What you are asked to do:
Leaving out the pictures, write the following records exactly as they read.
___ Dataset records ___
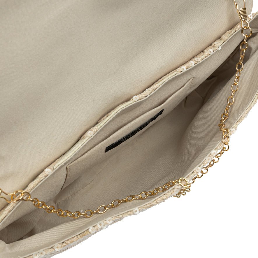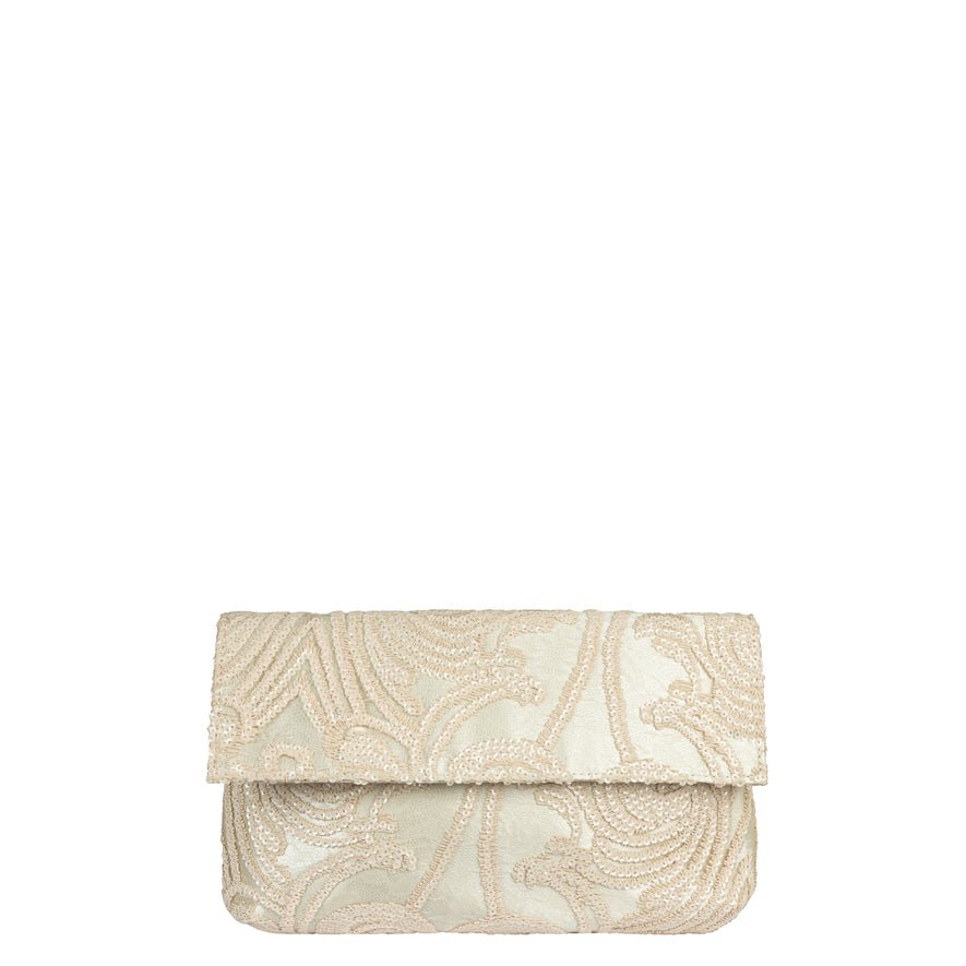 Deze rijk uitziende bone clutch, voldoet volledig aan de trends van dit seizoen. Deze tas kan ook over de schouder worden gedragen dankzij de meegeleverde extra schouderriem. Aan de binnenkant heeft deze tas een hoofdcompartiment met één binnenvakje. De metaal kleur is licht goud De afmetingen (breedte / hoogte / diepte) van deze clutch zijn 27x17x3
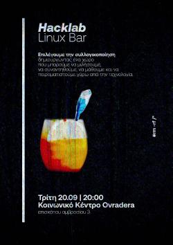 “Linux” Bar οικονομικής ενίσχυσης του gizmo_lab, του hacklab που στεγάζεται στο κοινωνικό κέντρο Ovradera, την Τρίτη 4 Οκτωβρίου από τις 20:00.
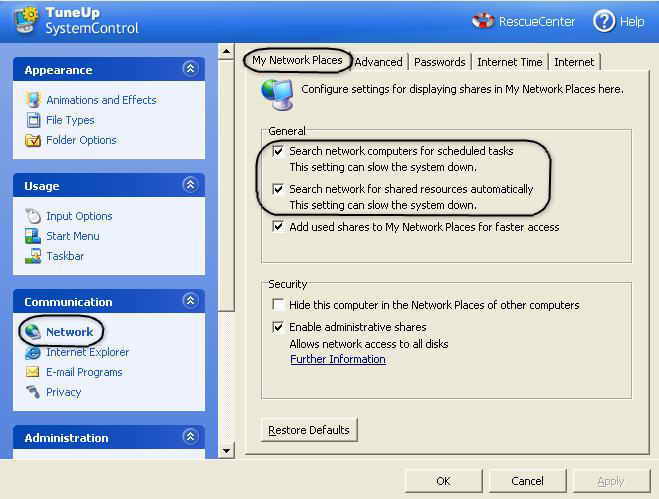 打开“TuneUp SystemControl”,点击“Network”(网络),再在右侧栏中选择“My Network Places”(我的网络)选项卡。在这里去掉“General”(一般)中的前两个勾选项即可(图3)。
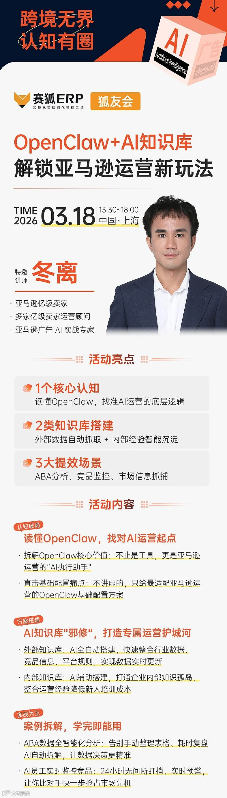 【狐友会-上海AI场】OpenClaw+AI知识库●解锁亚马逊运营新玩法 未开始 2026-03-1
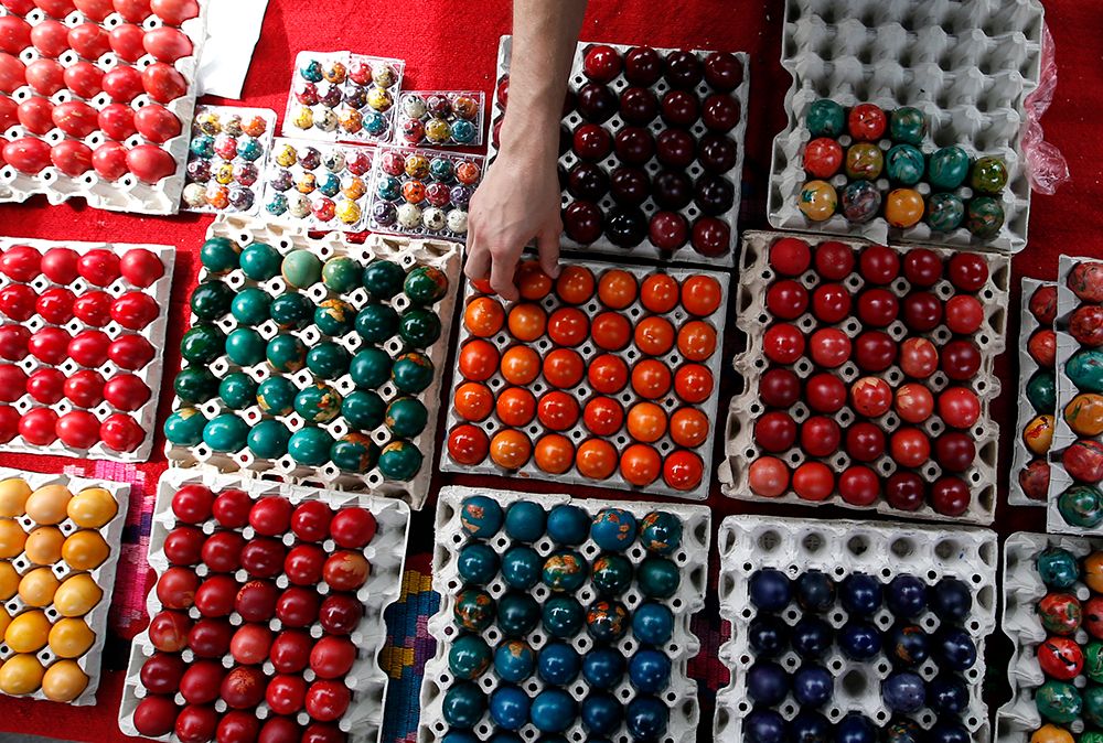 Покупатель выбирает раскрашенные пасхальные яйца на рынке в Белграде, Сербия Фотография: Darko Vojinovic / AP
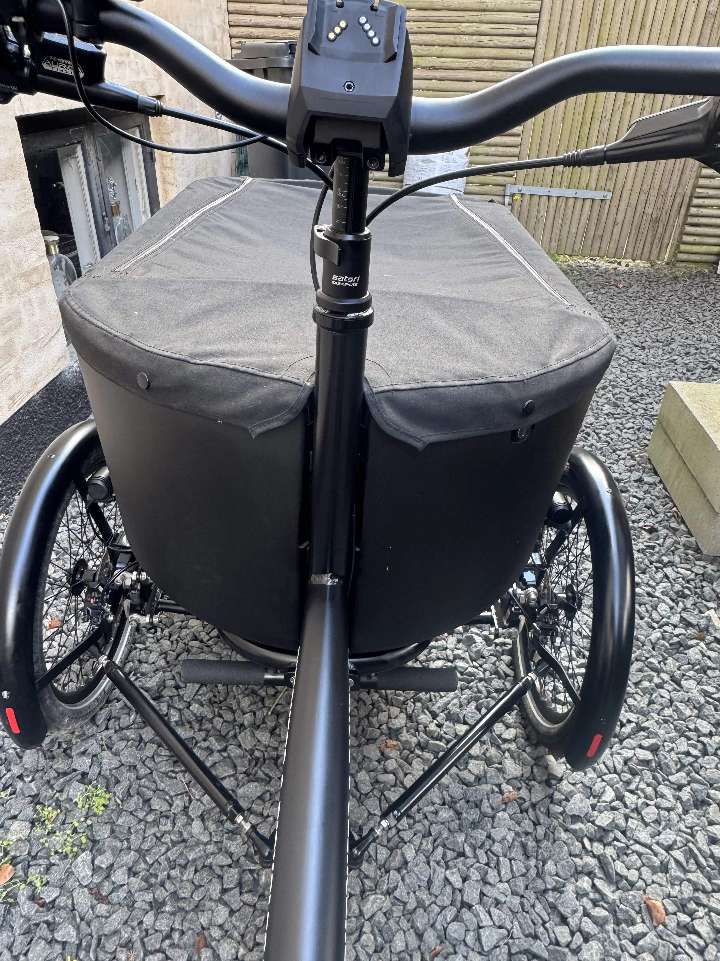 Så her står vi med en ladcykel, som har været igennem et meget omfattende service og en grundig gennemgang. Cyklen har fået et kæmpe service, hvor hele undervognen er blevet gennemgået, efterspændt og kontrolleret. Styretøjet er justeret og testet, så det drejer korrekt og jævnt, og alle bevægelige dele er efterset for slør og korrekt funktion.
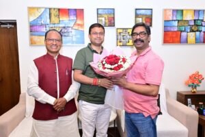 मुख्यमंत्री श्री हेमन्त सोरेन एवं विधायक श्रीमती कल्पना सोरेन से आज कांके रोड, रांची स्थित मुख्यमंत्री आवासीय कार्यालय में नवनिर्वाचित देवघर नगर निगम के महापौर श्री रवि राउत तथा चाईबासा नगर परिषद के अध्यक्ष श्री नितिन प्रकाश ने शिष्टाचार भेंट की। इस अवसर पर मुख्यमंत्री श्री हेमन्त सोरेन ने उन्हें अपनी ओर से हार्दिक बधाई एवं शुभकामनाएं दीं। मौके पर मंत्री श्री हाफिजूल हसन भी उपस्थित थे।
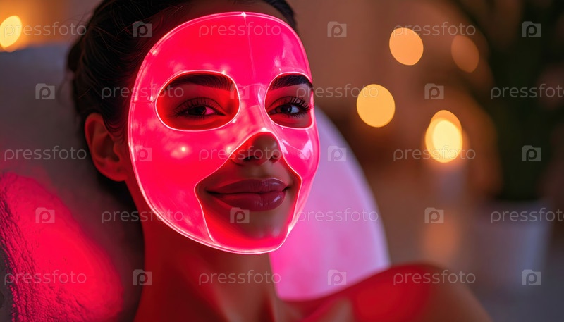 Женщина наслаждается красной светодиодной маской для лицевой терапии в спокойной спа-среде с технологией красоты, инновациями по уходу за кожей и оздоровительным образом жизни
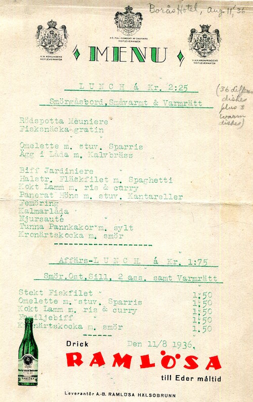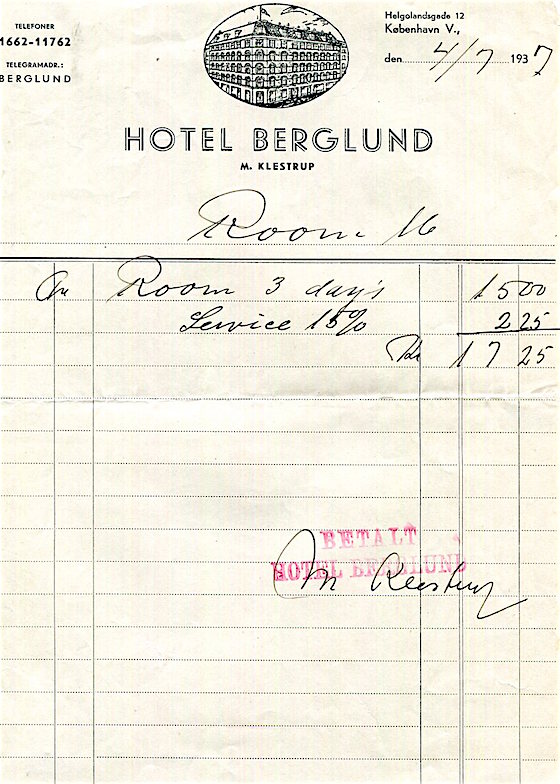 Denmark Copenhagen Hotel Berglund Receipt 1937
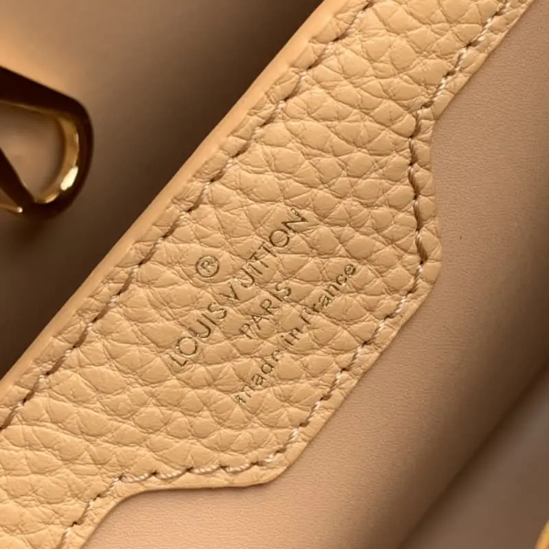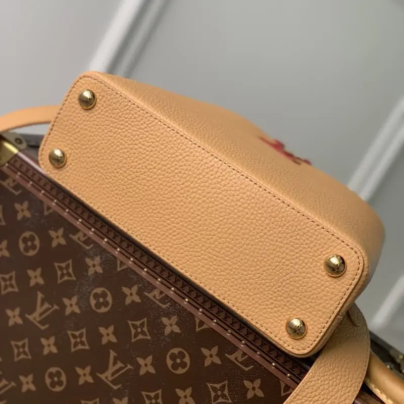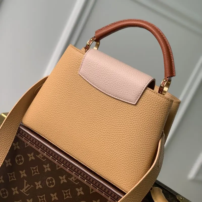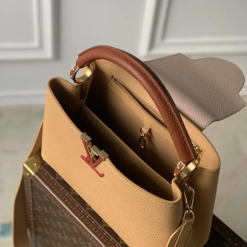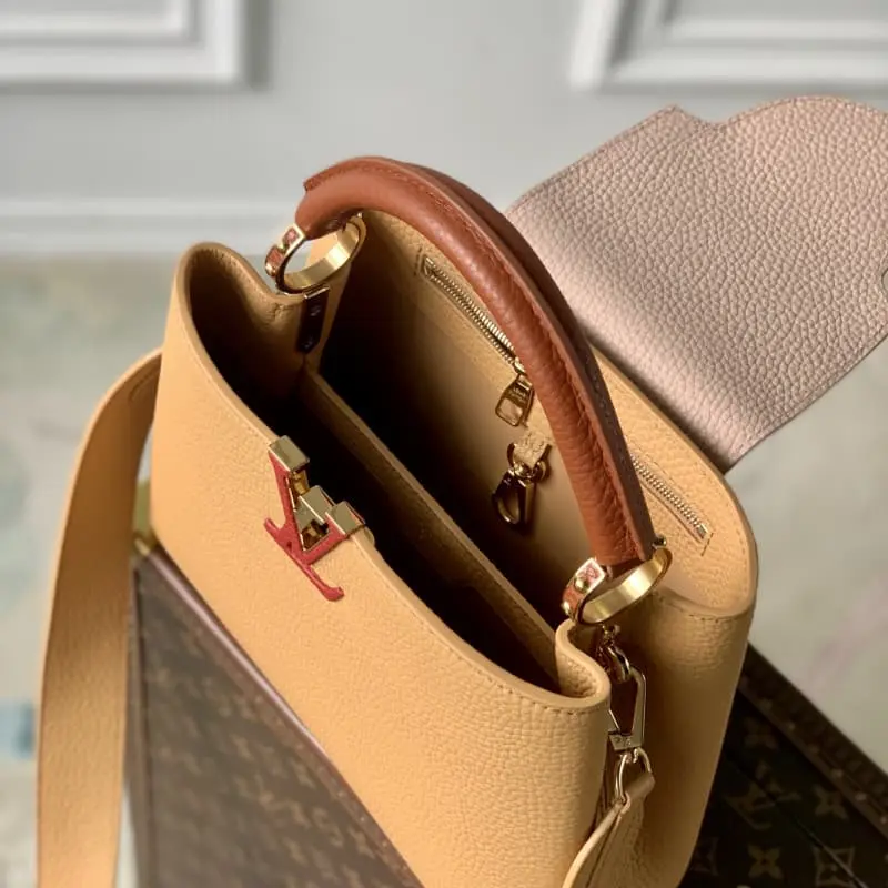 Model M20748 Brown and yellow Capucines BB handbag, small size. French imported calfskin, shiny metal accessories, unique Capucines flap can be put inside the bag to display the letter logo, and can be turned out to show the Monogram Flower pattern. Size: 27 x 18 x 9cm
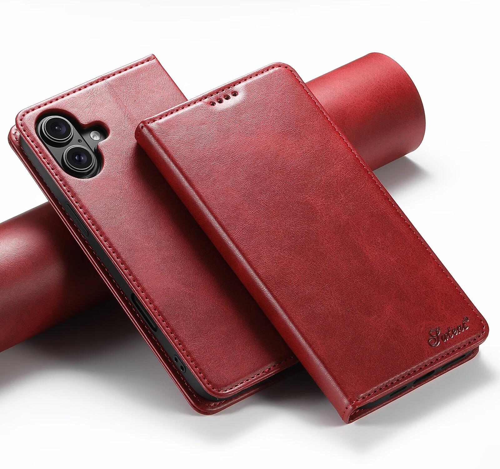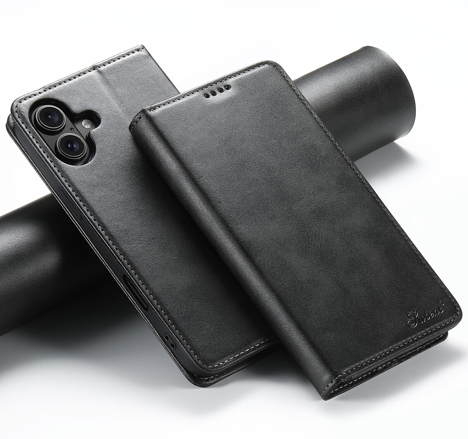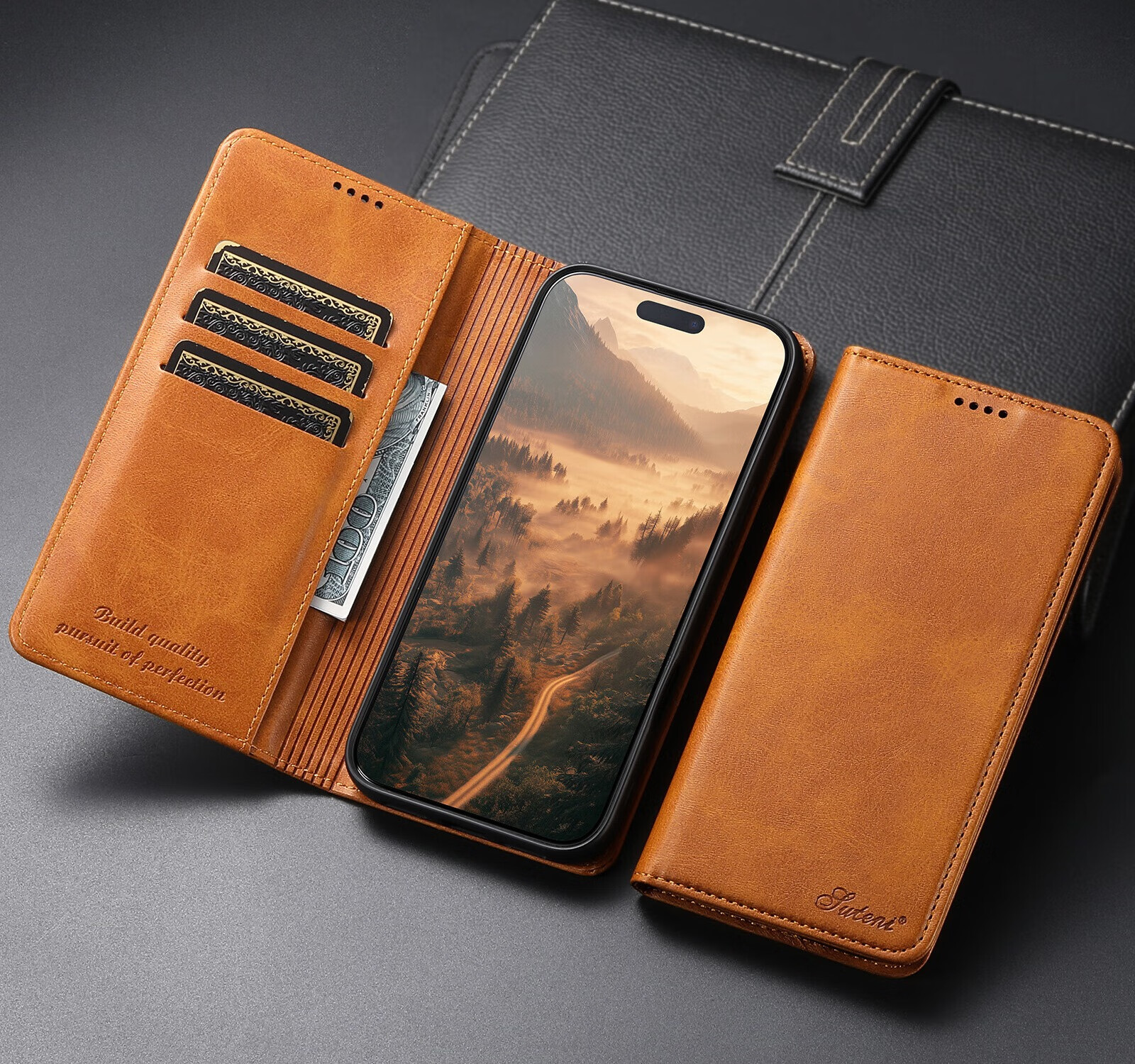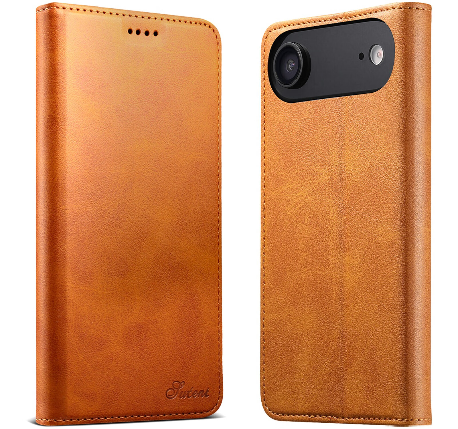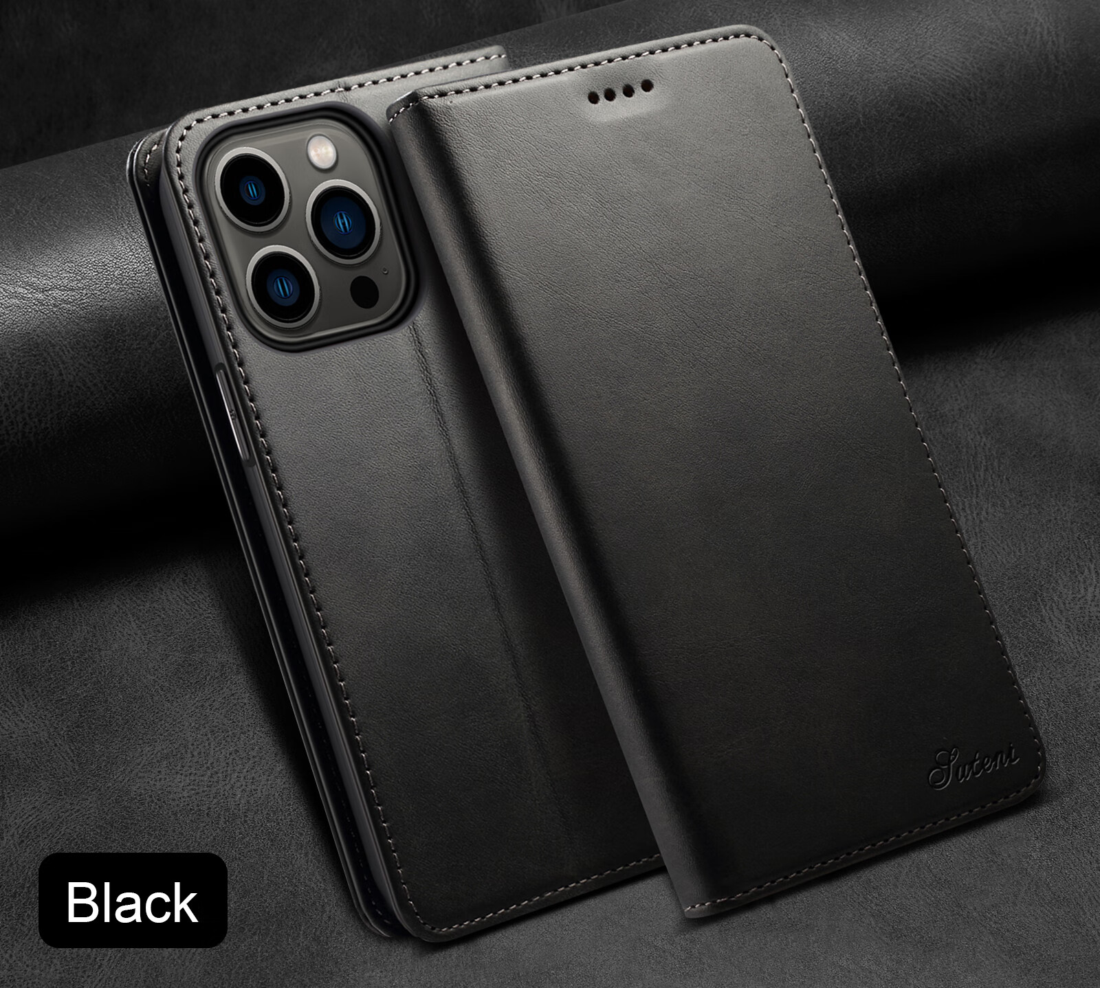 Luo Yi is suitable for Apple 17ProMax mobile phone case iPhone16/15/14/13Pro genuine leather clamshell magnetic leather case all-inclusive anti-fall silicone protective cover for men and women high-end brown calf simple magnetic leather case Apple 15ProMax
___
Expected answer:
 Deze rijk uitziende bone clutch, voldoet volledig aan de trends van dit seizoen. Deze tas kan ook over de schouder worden gedragen dankzij de meegeleverde extra schouderriem. Aan de binnenkant heeft deze tas een hoofdcompartiment met één binnenvakje. De metaal kleur is licht goud De afmetingen (breedte / hoogte / diepte) van deze clutch zijn 27x17x3
 “Linux” Bar οικονομικής ενίσχυσης του gizmo_lab, του hacklab που στεγάζεται στο κοινωνικό κέντρο Ovradera, την Τρίτη 4 Οκτωβρίου από τις 20:00.
 打开“TuneUp SystemControl”,点击“Network”(网络),再在右侧栏中选择“My Network Places”(我的网络)选项卡。在这里去掉“General”(一般)中的前两个勾选项即可(图3)。
 【狐友会-上海AI场】OpenClaw+AI知识库●解锁亚马逊运营新玩法 未开始 2026-03-1
 Покупатель выбирает раскрашенные пасхальные яйца на рынке в Белграде, Сербия Фотография: Darko Vojinovic / AP
 Så her står vi med en ladcykel, som har været igennem et meget omfattende service og en grundig gennemgang. Cyklen har fået et kæmpe service, hvor hele undervognen er blevet gennemgået, efterspændt og kontrolleret. Styretøjet er justeret og testet, så det drejer korrekt og jævnt, og alle bevægelige dele er efterset for slør og korrekt funktion.
 मुख्यमंत्री श्री हेमन्त सोरेन एवं विधायक श्रीमती कल्पना सोरेन से आज कांके रोड, रांची स्थित मुख्यमंत्री आवासीय कार्यालय में नवनिर्वाचित देवघर नगर निगम के महापौर श्री रवि राउत तथा चाईबासा नगर परिषद के अध्यक्ष श्री नितिन प्रकाश ने शिष्टाचार भेंट की। इस अवसर पर मुख्यमंत्री श्री हेमन्त सोरेन ने उन्हें अपनी ओर से हार्दिक बधाई एवं शुभकामनाएं दीं। मौके पर मंत्री श्री हाफिजूल हसन भी उपस्थित थे।
 Женщина наслаждается красной светодиодной маской для лицевой терапии в спокойной спа-среде с технологией красоты, инновациями по уходу за кожей и оздоровительным образом жизни
 Denmark Copenhagen Hotel Berglund Receipt 1937
 Model M20748 Brown and yellow Capucines BB handbag, small size. French imported calfskin, shiny metal accessories, unique Capucines flap can be put inside the bag to display the letter logo, and can be turned out to show the Monogram Flower pattern. Size: 27 x 18 x 9cm
 Luo Yi is suitable for Apple 17ProMax mobile phone case iPhone16/15/14/13Pro genuine leather clamshell magnetic leather case all-inclusive anti-fall silicone protective cover for men and women high-end brown calf simple magnetic leather case Apple 15ProMax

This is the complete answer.